_What is required_.
Return the lines below exactly, please, from the one containing "DAIHATSU HIJET CARGO DX SA3 4WD - лот 3226" through the last one, both included, and leave out any pictures.
---------------
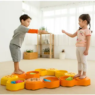 Balansesettet Beleduc Spin & Balance består av plattor med roterande skivor som tränar balans och stärker musklerna i kärnområdet. Knopparna på ytan ger en behaglig känsla när barnen balanserar barfota. Tack vare möjligheten att integrera plattorna i olika lekar och spel erbjuder de en mängd träningsmöjligheter och öppnar dörren för roliga tävlingar.
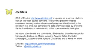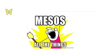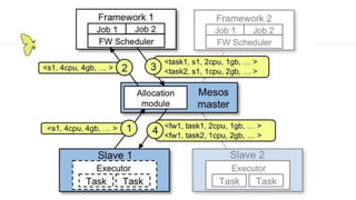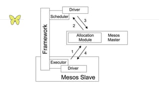 This document provides an introduction and overview of Apache Mesos. It begins by describing Mesos' origins at companies like Google and how it enables fine-grained resource sharing in data centers. It then discusses concepts like schedulers, executors, frameworks and how Mesos allows building distributed applications and data center infrastructure. The document also covers Mesos concepts such as resources, attributes, roles, constraints and how tools like Marathon interact with Mesos. Finally, it provides examples of Mesos frameworks for technologies like Kafka and Cassandra.
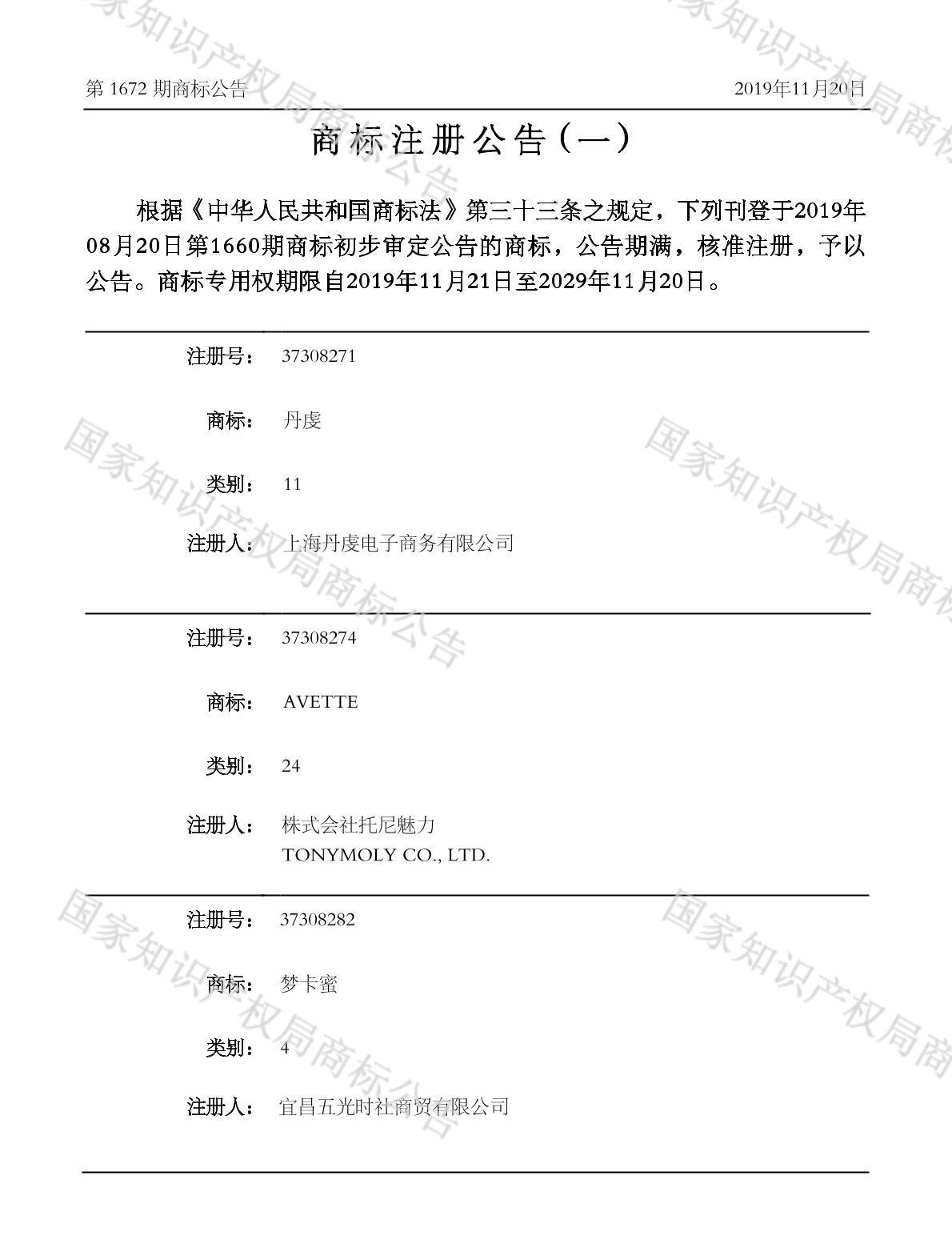 有效期限:2029-11-20 组合类型:中文注册号:37308282
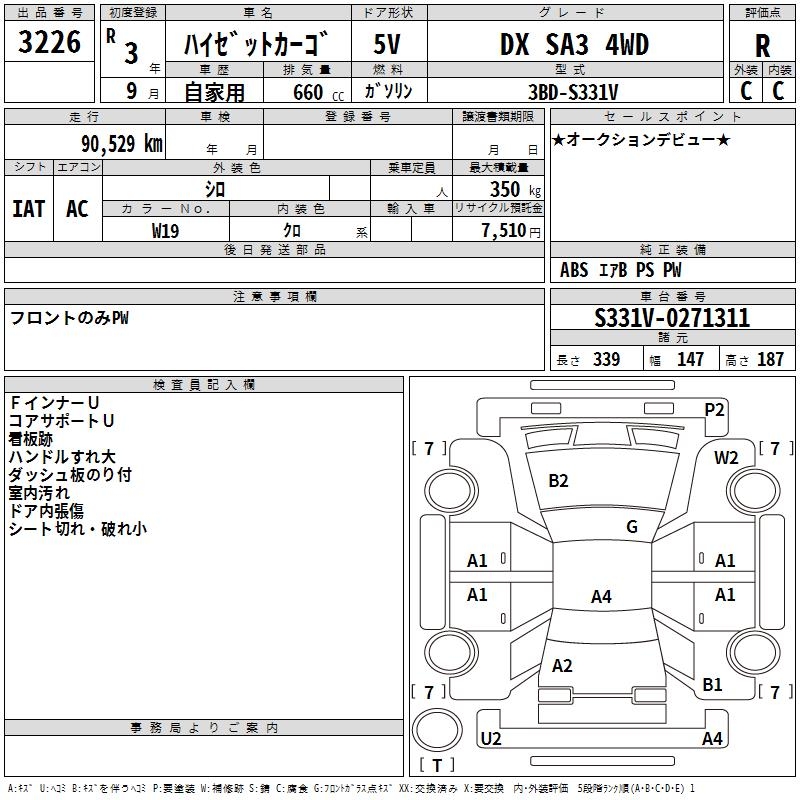 DAIHATSU HIJET CARGO DX SA3 4WD - лот 3226
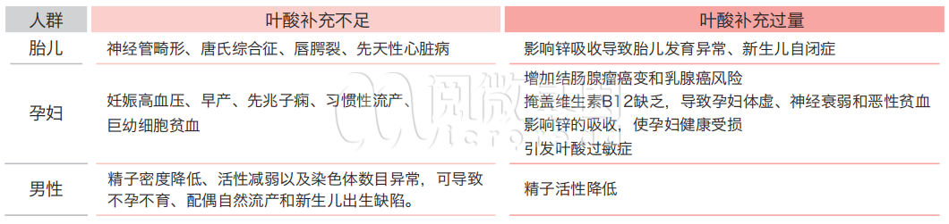 叶酸对人体生长发育发挥着重要作用,人体自身不能合成,必须从外界摄入;叶酸补充不足或利用能力差均会造成叶酸缺乏,导致高同型半胱氨酸血症。孕妇缺乏叶酸会导致胎儿出生缺陷,孕妇自身也会出现很多不良症状。但叶酸补充过量也会引发各种副作用,过与不及都有可能带来问题。
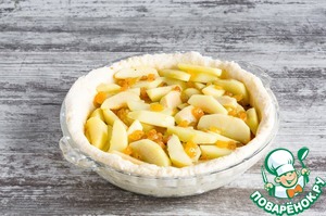 • Форму смажьте оставшимся сливочным маслом. Разделите тесто на две неравные части, большую раскатайте и, плотно прижимая ко дну и краям, выложите в форму. Присыпьте рубленым миндалем. Сверху выложите начинку. Раскатайте вторую часть теста и прикройте ею начинку, защипнув края. Проколите верх пирога вилкой.
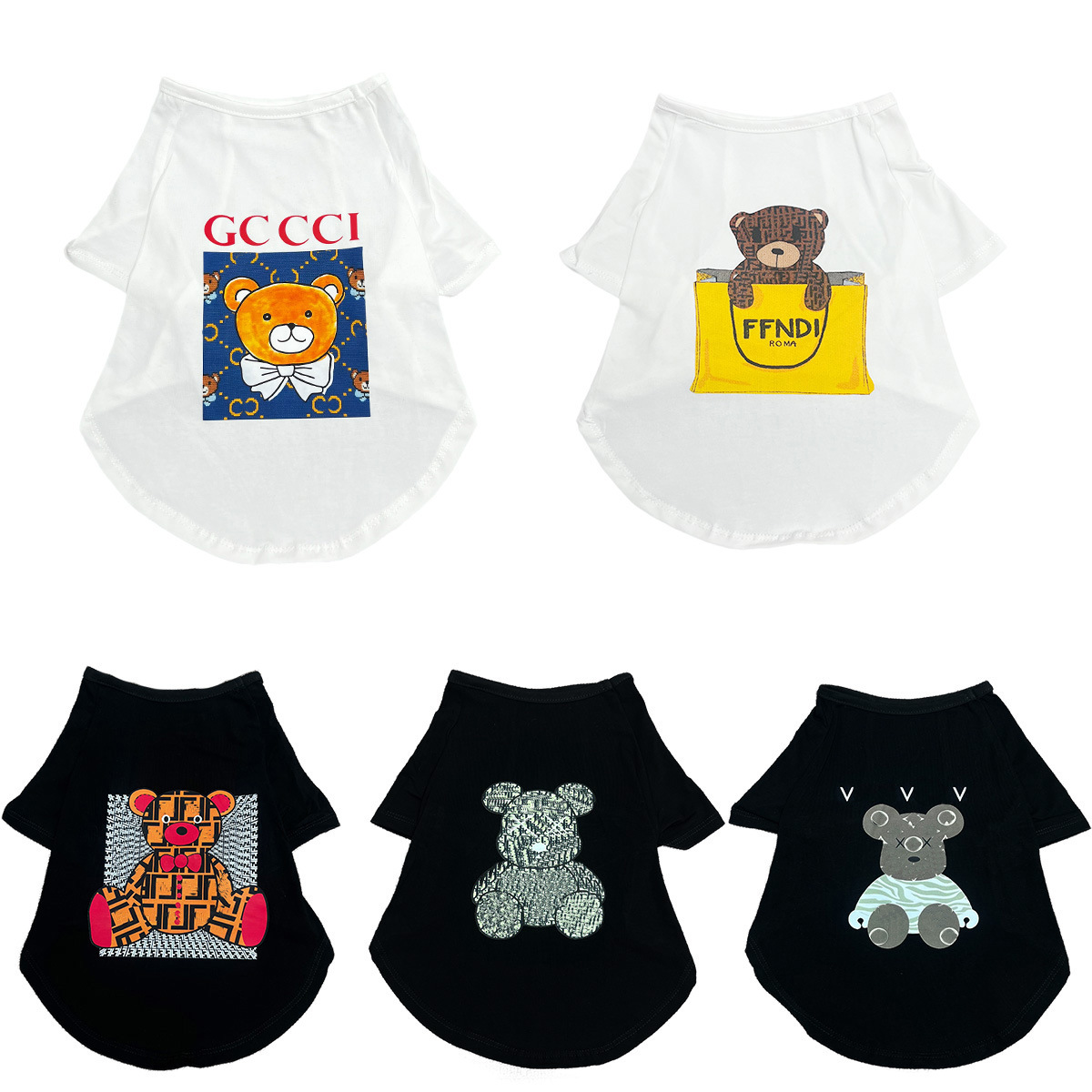 Pakaian anjing tipis musim panas kaus hewan peliharaan lembut basket Halloween leher bulat baju beruang Bomei anjing kecil
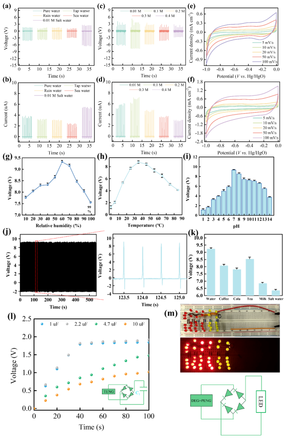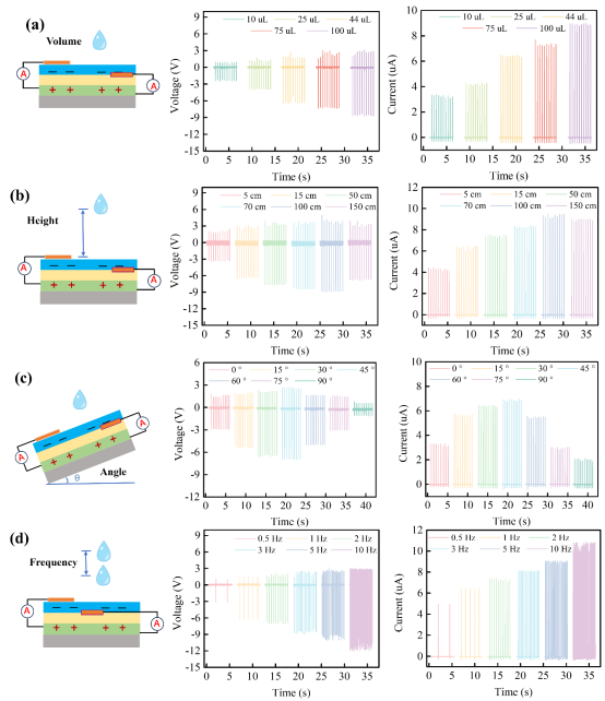 图5. 液滴-压电纳米发电机的应用分析
---------------
_Result of the exercise_.
 DAIHATSU HIJET CARGO DX SA3 4WD - лот 3226
 叶酸对人体生长发育发挥着重要作用,人体自身不能合成,必须从外界摄入;叶酸补充不足或利用能力差均会造成叶酸缺乏,导致高同型半胱氨酸血症。孕妇缺乏叶酸会导致胎儿出生缺陷,孕妇自身也会出现很多不良症状。但叶酸补充过量也会引发各种副作用,过与不及都有可能带来问题。
 • Форму смажьте оставшимся сливочным маслом. Разделите тесто на две неравные части, большую раскатайте и, плотно прижимая ко дну и краям, выложите в форму. Присыпьте рубленым миндалем. Сверху выложите начинку. Раскатайте вторую часть теста и прикройте ею начинку, защипнув края. Проколите верх пирога вилкой.
 Pakaian anjing tipis musim panas kaus hewan peliharaan lembut basket Halloween leher bulat baju beruang Bomei anjing kecil
 图5. 液滴-压电纳米发电机的应用分析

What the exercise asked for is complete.